Pre-Paulson plan, the fear was of multiple banking collapses. This is what happened in the wake of the 1929 Great Crash. That fear has abated.

But attention has now turned to the cost of the Paulson plan. It entails a big increase in the US government deficit. The extra borrowing could crowd out the private sector. Or the US could raise taxes and cut spending - a combination that will depress economic activity.

Printing money plus depressed economic activity sounds like stagflation, as suffered in the 1970s. And so, sure enough, on Monday there was a record oil rise.

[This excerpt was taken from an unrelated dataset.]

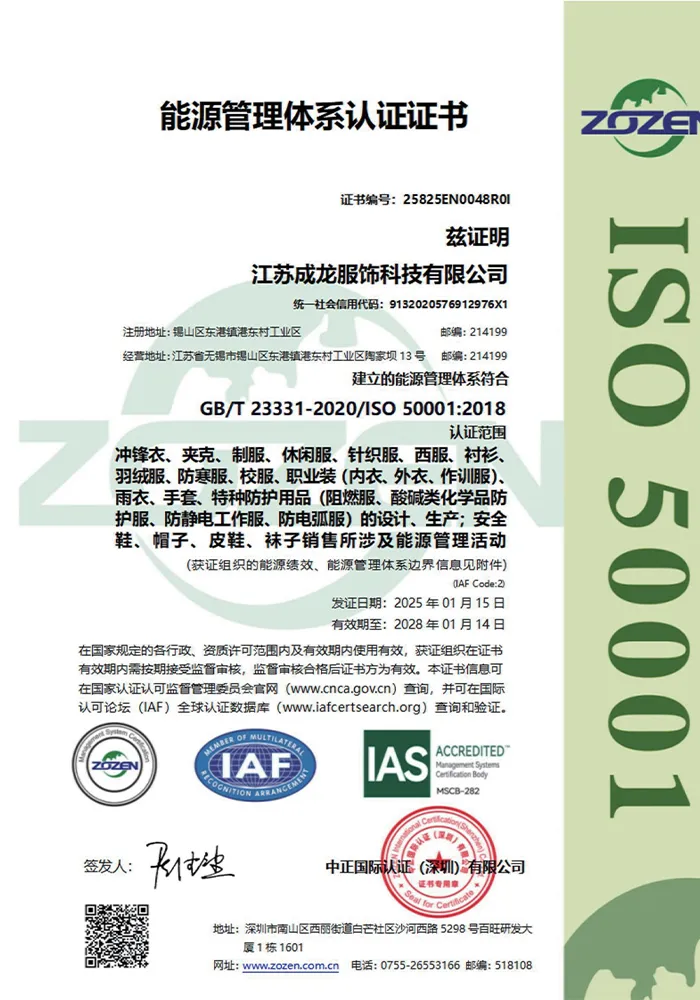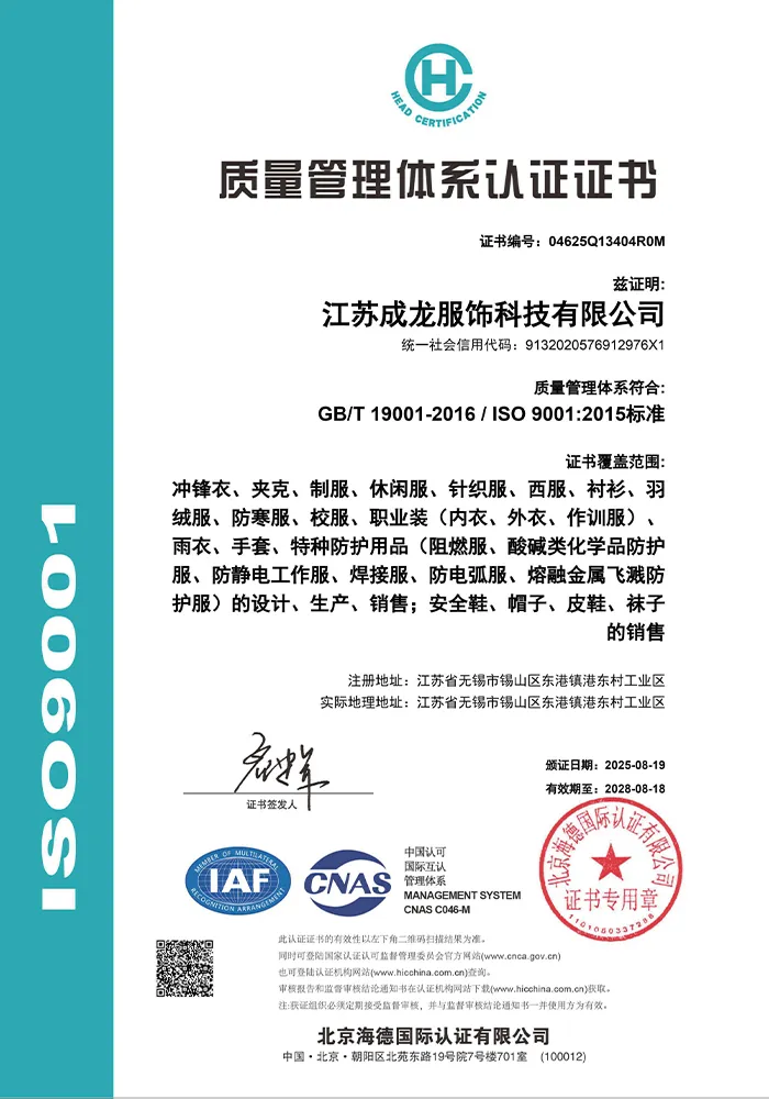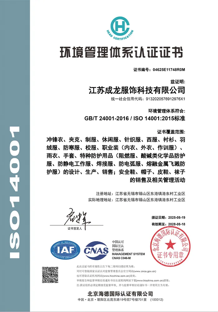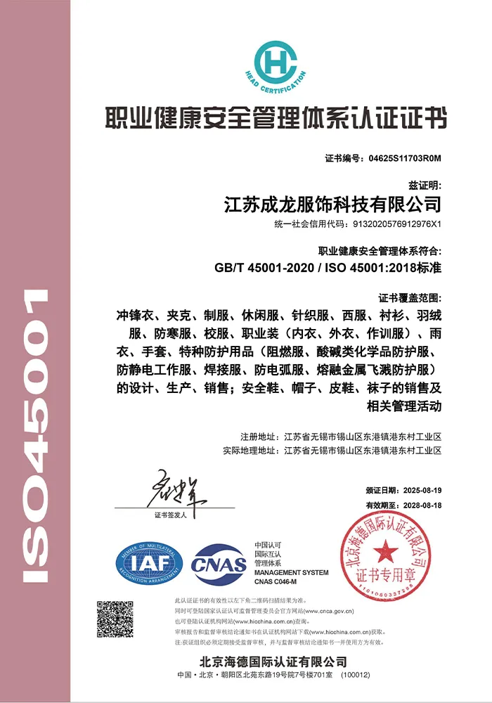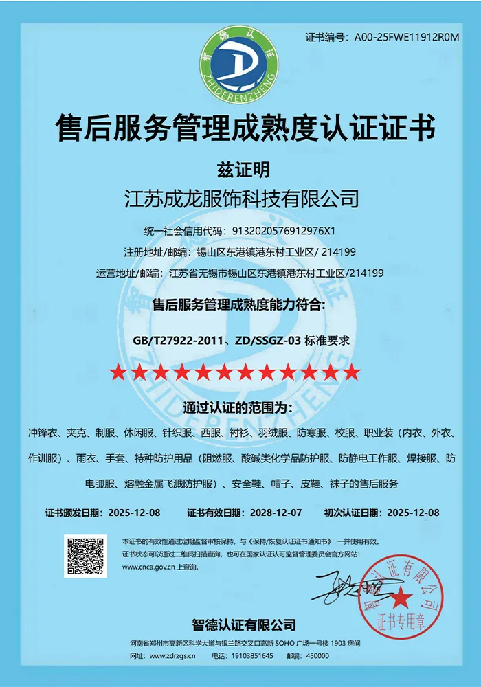 ООО «Цзянсу Чэнлун Технологии Одежды» расположено в городской агломерации дельты реки Янцзы (Уси), недалеко от Шанхая и Сучжоу. Компания уже 30 лет профессионально занимается углублённой разработкой и развитием в области средств индивидуальной защиты. Она является национальным высокотехнологичным предприятием и провинциальным высокоспециализированным инновационным предприятием, специализирующимся в основном на профессиональной рабочей одежде и специальной защитной одежде. Основными клиентами компании являются 99 крупных государственных и центральных государственных предприятий Китая. Компания делает упор на технологические инновации. На данный момент она получила 16 национальных изобретательских патентов, 53 патента на полезные модели, 10 патентов на промышленные образцы и 1 международный патент по процедуре РСТ. Компания участвовала в разработке и пересмотре более 10 обязательных национальных стандартов в области средств индивидуальной защиты, касающихся таких отраслей, как строительство, автомобилестроение, метрополитен, металлургия и других.

Last Tuesday, benchmark oil futures traded at $90.51. At one point on Monday, they hit $130, a swing of 44 per cent. For context, in the five days after the 1990 invasion of Kuwait, oil gained only 40 per cent.

Monday's move had nothing to do with supply and demand in the oil market, much to do with a squeeze of short positions ahead of futures contracts expiring, and a lot to do with Paulson. Fearing inflation's corrosive effect on financial assets, traders bid up all real assets, including silver and gold.

We have been here before. Until July, markets were betting on the "stagflation trade" by buying oil and selling short financials. But that was based on easy monetary policy, or cheaper money from the Federal Reserve. Fed Funds futures barely moved on Monday.

This time, the market is banking on cheap money from the Treasury, not the Fed.